Весь этот лондонский ансамбль, непрерывно расширявшийся, расколется на два города, или, лучше сказать, такой раскол завершится. Развитие в этом направлении, начавшееся задолго до того, ускорилось после Большого пожара 1666 г., который практически уничтожил сердце Сити, если не сказать, почти все Сити целиком. Уже в 1662 г., до этой катастрофы, Уильям Петти объяснял, что Лондон-де растет в западном направлении, дабы избежать «дыма, паров и зловония всех этих людских скоплений в восточной части, ибо господствующие ветры дуют с запада… Так что дворцы наиболее важных лиц и дома тех, кто от них зависит, перемещаются в сторону Вестминстера, а старинные большие дома в Сити становятся складами купеческих компаний или же превращаются в наемное жилье»{1563}. Так происходило «соскальзывание» лондонских богатств к западу. Если еще в XVI в. центр города находился по соседству с Корнхилл, то сегодня, в 1979 г., он располагается неподалеку от Черинг-Кросс, то есть у западной оконечности Стрэнда. Какой же путь он прошел!
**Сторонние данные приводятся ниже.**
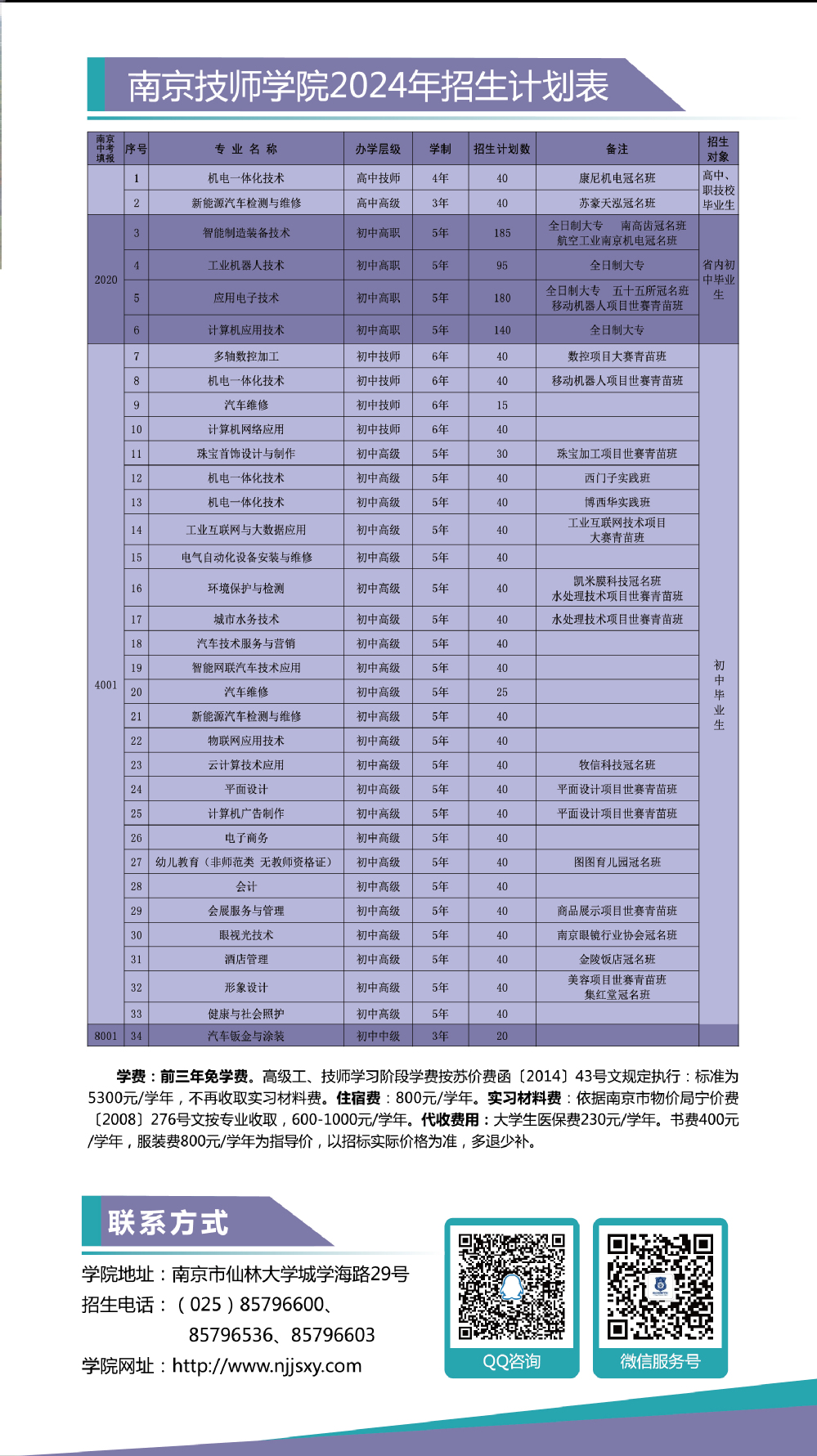 招生计划表
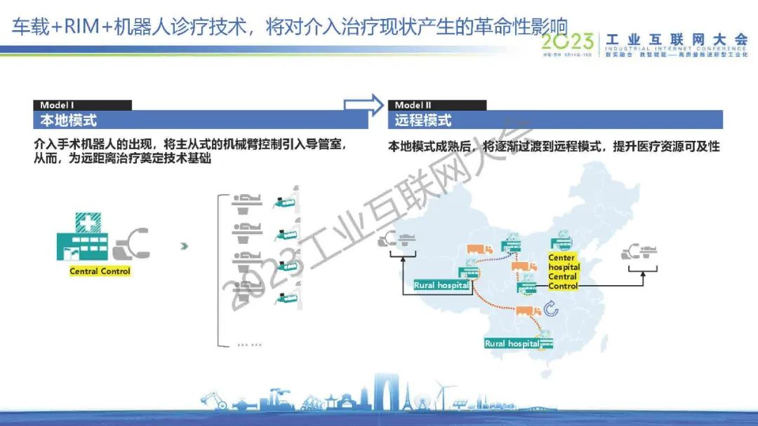 “手術機器人可以通過機械臂的方式,醫生可以離比較遠的位置去遠程操控機械臂進行手術。這個不光是限于介入,包括像外科、腔鏡、骨科,還有非常完整的網絡環境,包括像5G和光纖的有線的環境,有非常多不同的組網方式。”
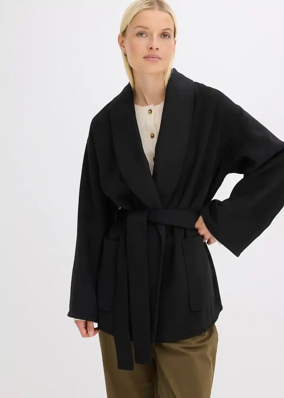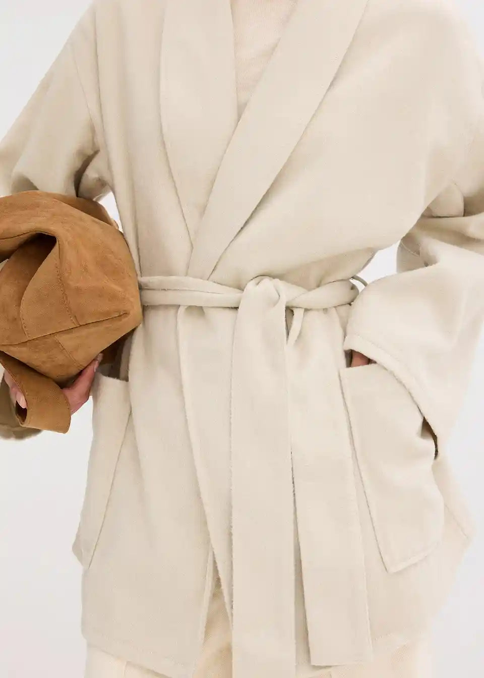 Ležerna vunena jakna s pojasom za vezanje i našivenim džepovima
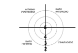 5. «Мишень» - учащиеся выполняют рефлексию учебной деятельности по заданным критериям. На доске рисуется мишень, которая делится на 4 сектора. В каждом секторе записываются параметры- вопросы рефлексии состоявшейся деятельности. Учащиеся ставит метки в сектора соответственно оценке результата: чем ближе к центру мишени, тем в большей степени проявился данный параметр.
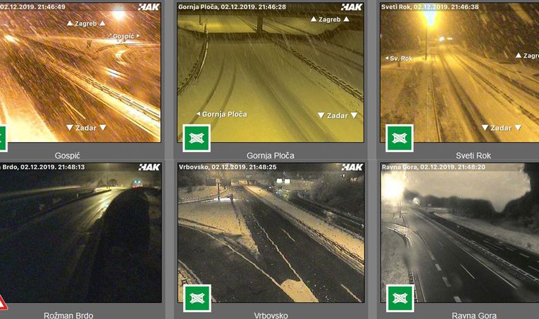 Prema podacima od 22:30, zbog loših vremenskih uvjeta (snijeg i olujni vjetar) trenutno nema slobodnog cestovnog pravca iz Dalmacije prema unutrašnjosti i obrnuto za kamione s prikolicama i tegljače s poluprikolicama te za vozila koja nemaju propisanu zimsku opremu.
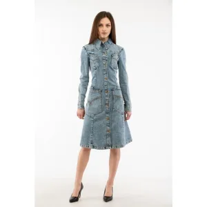 Moschino Teddy Buttons Denim Dungarees Dress Blue
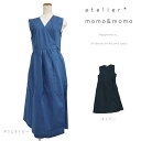 | カシュクールタイプのエプロンドレス。シンプルでふんわりとしたシルエットがおしゃれなエプロン。カシュクールマルチドレス atelier momo&momo アトリエモモアンドモモ PS40600 エプロン 大人 きれいめ デニム調 やわらかい

А Ист-Энд и отдельные окраинные районы все больше и больше пролетаризировались. Бедность утверждалась в лондонском мире везде, где находилось местечко, врастала в этот мир. Наиболее мрачные фрагменты картины относятся к двум категориям самых что ни на есть обездоленных, к ирландцам и к евреям из Центральной Европы.

Ирландская иммиграция, шедшая исподволь из самых голодных округов острова, организовалась рано. То были крестьяне, которых дома обрекали на жалкую долю структура земельных отношений и в не меньшей степени — быстрый демографический рост, который довел остров до катастрофы 1846 г. Привыкшие жить вместе с животными в одних лачугах, они питались небольшим количеством молока и картофелем. Трудолюбивые, не отказывавшиеся ни от какой работы, они регулярно нанимались каждый год в пору сенокоса сельскохозяйственными рабочими в деревни в окрестностях Лондона. Оттуда некоторые из них добирались до Лондона и оседали там. Они теснились в мерзких трущобах прихода Сент-Джайлс (севернее Сити), ставшего ирландским кварталом, жили по 10–12 человек в одной комнате без окон, соглашались на оплату значительно ниже обычной, нанимаясь крючниками, разносчиками молока, рабочими кирпичных заводов и даже сборщиками арендной платы. По воскресеньям во время попоек между ними происходили стычки; но в еще большей степени были распространены массовые драки с английскими пролетариями, которые с радостью избивали этих конкурентов, которых не могли устранить.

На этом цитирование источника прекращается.